# TO DO:
Please repeat the entries word for word and keep the images out.

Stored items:
Start of Block

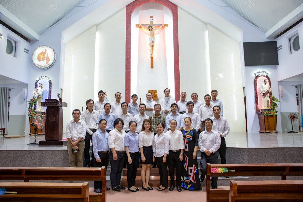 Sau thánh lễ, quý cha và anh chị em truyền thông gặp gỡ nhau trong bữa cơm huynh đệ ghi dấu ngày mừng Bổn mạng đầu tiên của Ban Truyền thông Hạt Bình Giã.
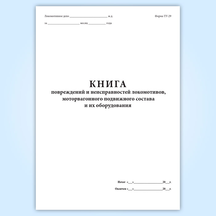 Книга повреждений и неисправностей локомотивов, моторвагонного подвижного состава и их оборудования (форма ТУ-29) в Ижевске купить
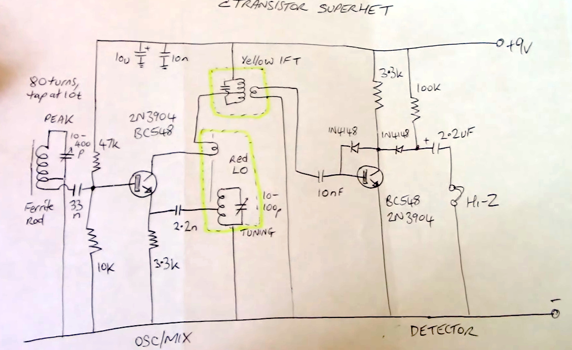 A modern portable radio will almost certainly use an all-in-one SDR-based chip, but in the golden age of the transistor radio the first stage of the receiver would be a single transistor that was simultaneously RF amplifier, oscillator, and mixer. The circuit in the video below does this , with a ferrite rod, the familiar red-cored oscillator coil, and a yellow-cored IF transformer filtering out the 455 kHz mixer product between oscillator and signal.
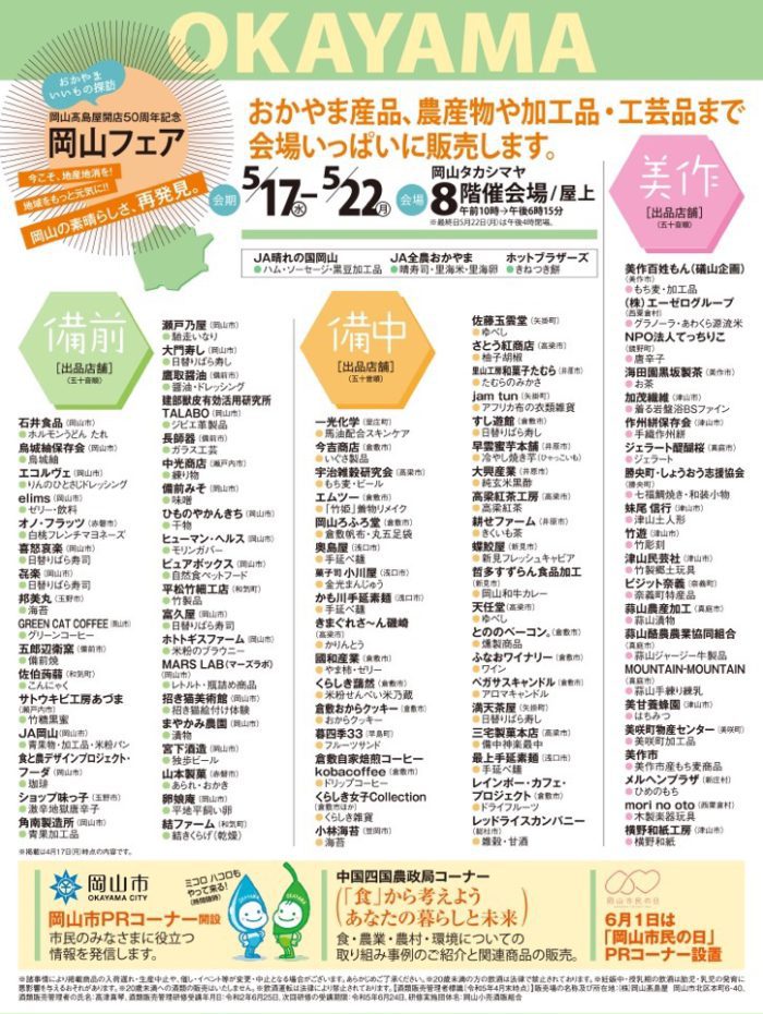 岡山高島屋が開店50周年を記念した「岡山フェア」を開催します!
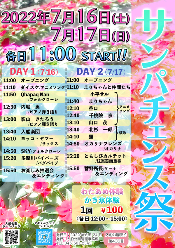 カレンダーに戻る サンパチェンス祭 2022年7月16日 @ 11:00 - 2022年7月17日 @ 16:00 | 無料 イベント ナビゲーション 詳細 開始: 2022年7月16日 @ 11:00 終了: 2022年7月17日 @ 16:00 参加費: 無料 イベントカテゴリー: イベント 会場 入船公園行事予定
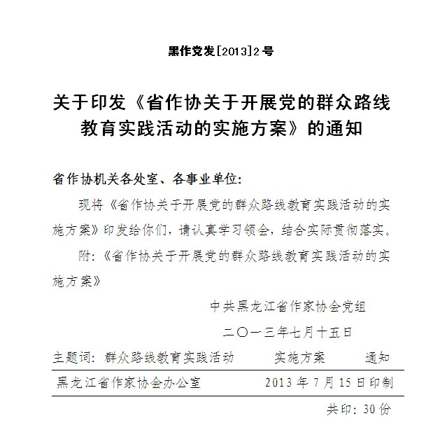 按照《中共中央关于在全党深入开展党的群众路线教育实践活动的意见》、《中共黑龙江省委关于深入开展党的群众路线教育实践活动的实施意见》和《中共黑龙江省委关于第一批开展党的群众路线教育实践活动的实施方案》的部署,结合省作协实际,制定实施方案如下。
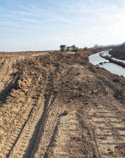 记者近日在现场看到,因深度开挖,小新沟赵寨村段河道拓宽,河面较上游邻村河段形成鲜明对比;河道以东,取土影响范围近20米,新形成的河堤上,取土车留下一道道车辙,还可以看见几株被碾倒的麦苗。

End of Block

# WRITTEN SOLUTION:
 Sau thánh lễ, quý cha và anh chị em truyền thông gặp gỡ nhau trong bữa cơm huynh đệ ghi dấu ngày mừng Bổn mạng đầu tiên của Ban Truyền thông Hạt Bình Giã.
 Книга повреждений и неисправностей локомотивов, моторвагонного подвижного состава и их оборудования (форма ТУ-29) в Ижевске купить
 A modern portable radio will almost certainly use an all-in-one SDR-based chip, but in the golden age of the transistor radio the first stage of the receiver would be a single transistor that was simultaneously RF amplifier, oscillator, and mixer. The circuit in the video below does this , with a ferrite rod, the familiar red-cored oscillator coil, and a yellow-cored IF transformer filtering out the 455 kHz mixer product between oscillator and signal.
 岡山高島屋が開店50周年を記念した「岡山フェア」を開催します!
 カレンダーに戻る サンパチェンス祭 2022年7月16日 @ 11:00 - 2022年7月17日 @ 16:00 | 無料 イベント ナビゲーション 詳細 開始: 2022年7月16日 @ 11:00 終了: 2022年7月17日 @ 16:00 参加費: 無料 イベントカテゴリー: イベント 会場 入船公園行事予定
 按照《中共中央关于在全党深入开展党的群众路线教育实践活动的意见》、《中共黑龙江省委关于深入开展党的群众路线教育实践活动的实施意见》和《中共黑龙江省委关于第一批开展党的群众路线教育实践活动的实施方案》的部署,结合省作协实际,制定实施方案如下。
 记者近日在现场看到,因深度开挖,小新沟赵寨村段河道拓宽,河面较上游邻村河段形成鲜明对比;河道以东,取土影响范围近20米,新形成的河堤上,取土车留下一道道车辙,还可以看见几株被碾倒的麦苗。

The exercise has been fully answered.